* TASK OBJECTIVE:
When you transcribe the entries below, begin at their first line and stop after the line containing "Kegiatan tersebut melibatkan"; pictures stay out.

--- DATA EXTRACTS Enclosed Below ---

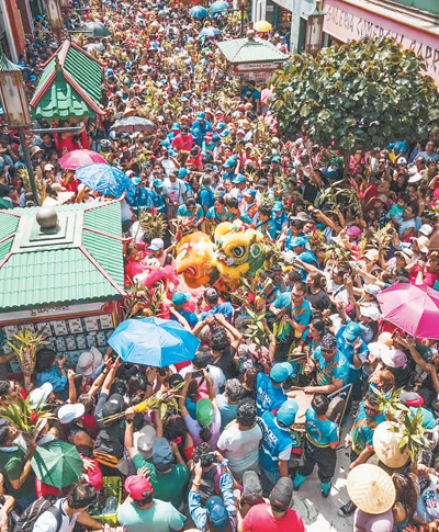 如今,舞龙舞狮已融入秘鲁社会。每年中国春节,醒狮团都会在唐人街游行表演,喜庆的锣鼓振奋人心,龙狮献瑞带来欢乐祥和。秘鲁民众走上街头,手持他们称为“中国竹子”的转运竹,簇拥在龙狮周围,争相看一看、摸一摸,希望沾上喜气与幸运——这已成为秘鲁一大民俗。在秘鲁人的婚礼上,舞狮已成为一种时尚。
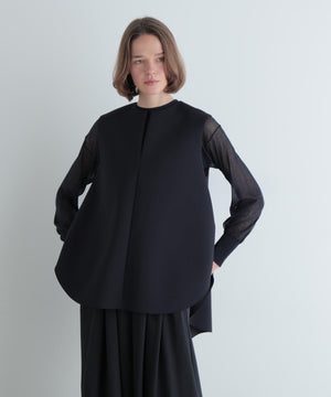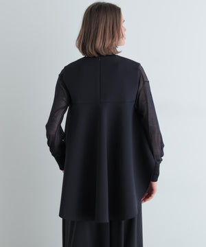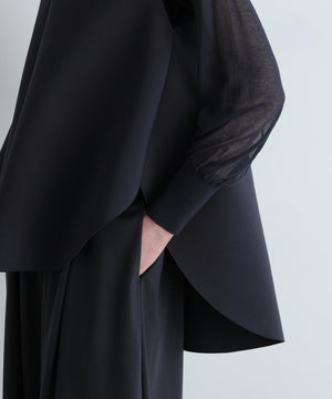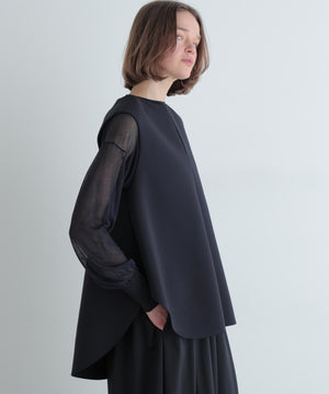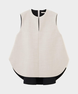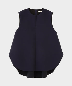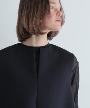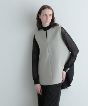 ボンディング素材特有の立体感を活かし、流れるようなラインとシルエットにこだわったジレ。
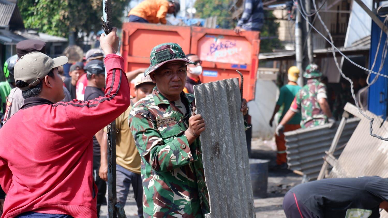 Kegiatan tersebut melibatkan antara lain TNI, Polri, Aparatur Kecamatan Cimuning, Dinas Pemadam Kebakaran Kota Bekasi, Dinas Lingkungan Hidup (DLH) Kota Bekasi, serta unsur pendukung lainnya yang bahu membahu membantu warga membersihkan puing-puing bangunan dan sisa-sisa material yang terdampak kebakaran.
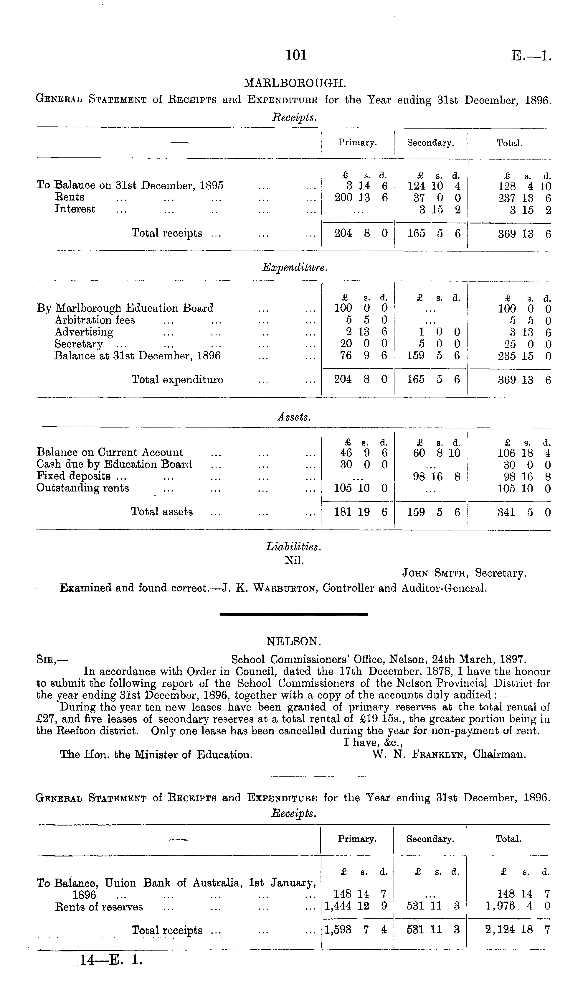 NELSON. Sir, — School Commissioners' Office, Nelson, 24th March, 1897. In accordance with Order in Council, dated the 17th December, 1878, I have the honour to submit the following report of the School Commissioners of the Nelson Provincial District for the year ending 31st December, 1896, together with a copy of the accounts duly audited : — During the year ten new leases have been granted of primary reserves at the total rental of £27, and five leases of secondary reserves at a total rental of £19 155., the greater portion being in the Reefton district. Only one lease has been cancelled during the year for non-payment of rent. I have, &c, The Hon. the Minister of Education. W. N. Feanklyn, Chairman.
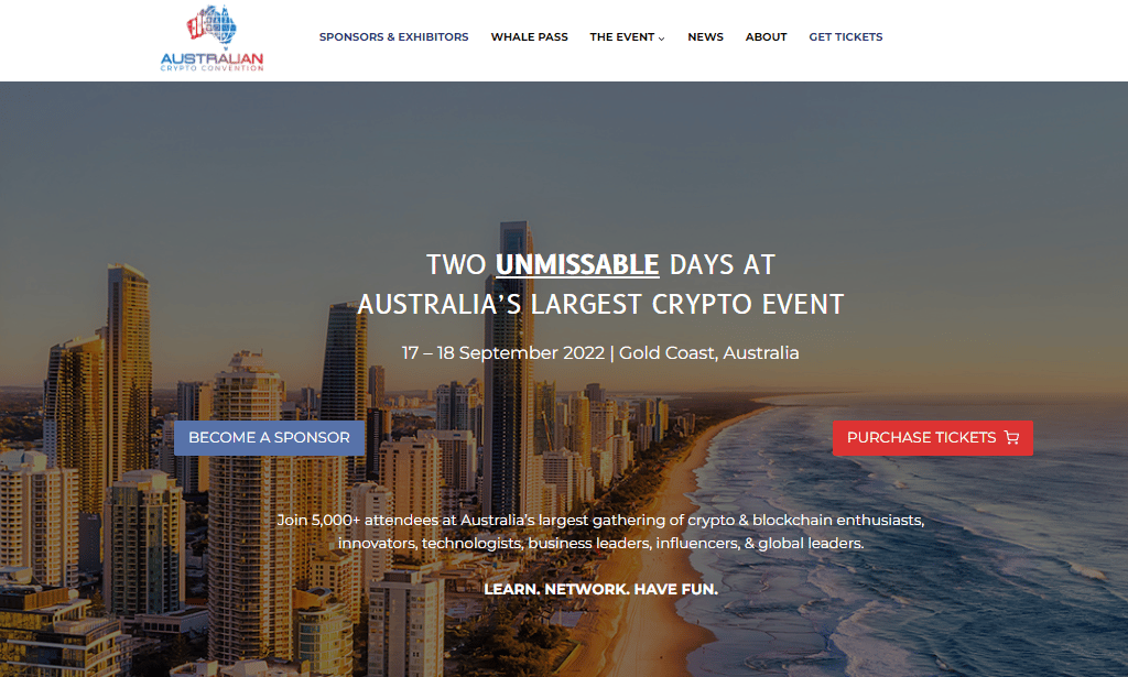 The Australian Crypto Convention will see over 5000+ crypto and blockchain enthusiasts and experts gather, making it the largest Australian crypto event.

--- End of Enclosed DATA EXTRACTS ---

* TASK ANSWER:
 如今,舞龙舞狮已融入秘鲁社会。每年中国春节,醒狮团都会在唐人街游行表演,喜庆的锣鼓振奋人心,龙狮献瑞带来欢乐祥和。秘鲁民众走上街头,手持他们称为“中国竹子”的转运竹,簇拥在龙狮周围,争相看一看、摸一摸,希望沾上喜气与幸运——这已成为秘鲁一大民俗。在秘鲁人的婚礼上,舞狮已成为一种时尚。
 ボンディング素材特有の立体感を活かし、流れるようなラインとシルエットにこだわったジレ。
 Kegiatan tersebut melibatkan antara lain TNI, Polri, Aparatur Kecamatan Cimuning, Dinas Pemadam Kebakaran Kota Bekasi, Dinas Lingkungan Hidup (DLH) Kota Bekasi, serta unsur pendukung lainnya yang bahu membahu membantu warga membersihkan puing-puing bangunan dan sisa-sisa material yang terdampak kebakaran.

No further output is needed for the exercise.